By default, TCP checks are configured with a request timeout equal to 10 seconds. To configure a custom TCP check timeout value, specify the timeout field in the check definition.

The following service definition file snippet is an example of a TCP check definition:

TCP Check

check = {
  id = "ssh"
  name = "SSH TCP on port 22"
  tcp = "localhost:22"
  interval = "10s"
  timeout = "1s"
}

UDP check

UDP checks periodically direct the Consul agent to send UDP datagrams to the specified IP/hostname and port, waiting interval amount of time between attempts. The check status is set to success if any response is received from the targeted UDP server. Any other result sets the status to critical.

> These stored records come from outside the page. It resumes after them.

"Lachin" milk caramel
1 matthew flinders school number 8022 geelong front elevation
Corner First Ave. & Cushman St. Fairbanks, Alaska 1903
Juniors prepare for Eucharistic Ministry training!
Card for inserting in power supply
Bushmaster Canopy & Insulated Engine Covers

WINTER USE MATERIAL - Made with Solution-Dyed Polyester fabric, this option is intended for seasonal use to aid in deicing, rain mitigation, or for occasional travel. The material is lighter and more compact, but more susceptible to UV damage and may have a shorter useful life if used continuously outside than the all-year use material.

By default, UDP checks are configured with a request timeout equal to 10 seconds. To configure a custom UDP check timeout value, specify the timeout field in the check definition. If any timeout on read exists, the check is still considered healthy.

The following service definition file snippet is an example of a UDP check definition:

UDP Check

check = {
  id = "dns"
  name = "DNS UDP on port 53"
  udp = "localhost:53"
  interval = "10s"
  timeout = "1s"
}

Time to live (TTL) check

TTL checks retain their last known state for the specified ttl duration. If the ttl duration elapses before a new check update is provided over the HTTP interface, the check is set to critical state.

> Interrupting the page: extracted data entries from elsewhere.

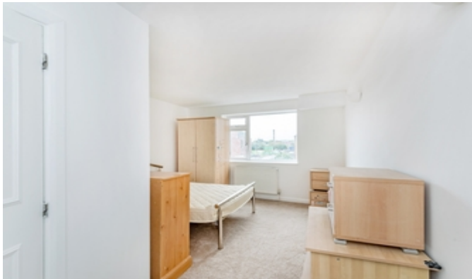
Bedroom Two (Alt 2)
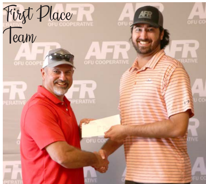
First Place Team
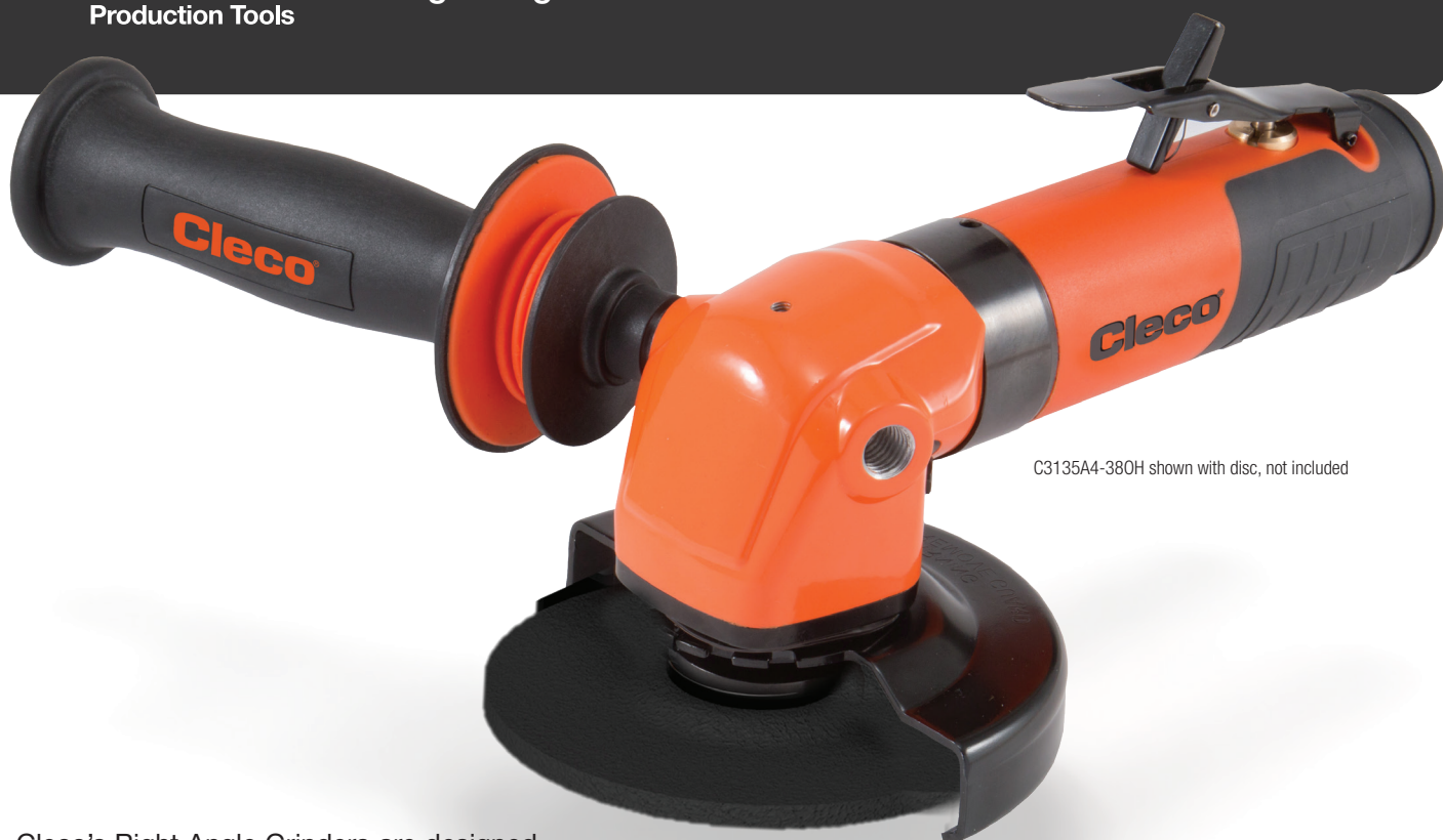
C3135A4-380H shown with disc, not included

Cleco's Right Angle Grinders are designed for rigorous use and long life, containing the features and power that are perfect for the most demanding applications found in foundries, shipyards, machine shops and rail car manufacturing.

This mechanism relies on the application to directly report its health. For example, a healthy app can periodically PUT a status update to the HTTP endpoint. Then, if the app is disrupted and unable to perform this update before the TTL expires, the health check enters the critical state. The endpoints used to update health information for a given check are: pass, warn, fail, and update. TTL checks also persist their last known status to disk. This persistence allows the Consul agent to restore the last known status of the check across agent restarts. Persisted check status is valid through the end of the TTL from the time of the last check.

To manually mark a service unhealthy, it is far more convenient to use the maintenance mode CLI command or HTTP API endpoint rather than a TTL health check with arbitrarily high ttl.

The following service definition file snippet is an example of a TTL check definition:

TTL Check

check = {
  id = "web-app"
  name = "Web App Status"
  notes = "Web app does a curl internally every 10 seconds"
  ttl = "30s"
}

Docker check

These checks depend on periodically invoking an external application that is packaged within a Docker Container. The application is triggered within the running container through the Docker Exec API. We expect that the Consul agent user has access to either the Docker HTTP API or the unix socket. Consul uses $DOCKER_HOST to determine the Docker API endpoint. The application is expected to run, perform a health check of the service running inside the container, and exit with an appropriate exit code. The check should be paired with an invocation interval. The shell on which the check has to be performed is configurable, making it possible to run containers which have different shells on the same host. The output of a Docker check is limited to 4KB. Larger outputs are truncated. The agent must be configured with enable_script_checks set to true in order to enable Docker health checks.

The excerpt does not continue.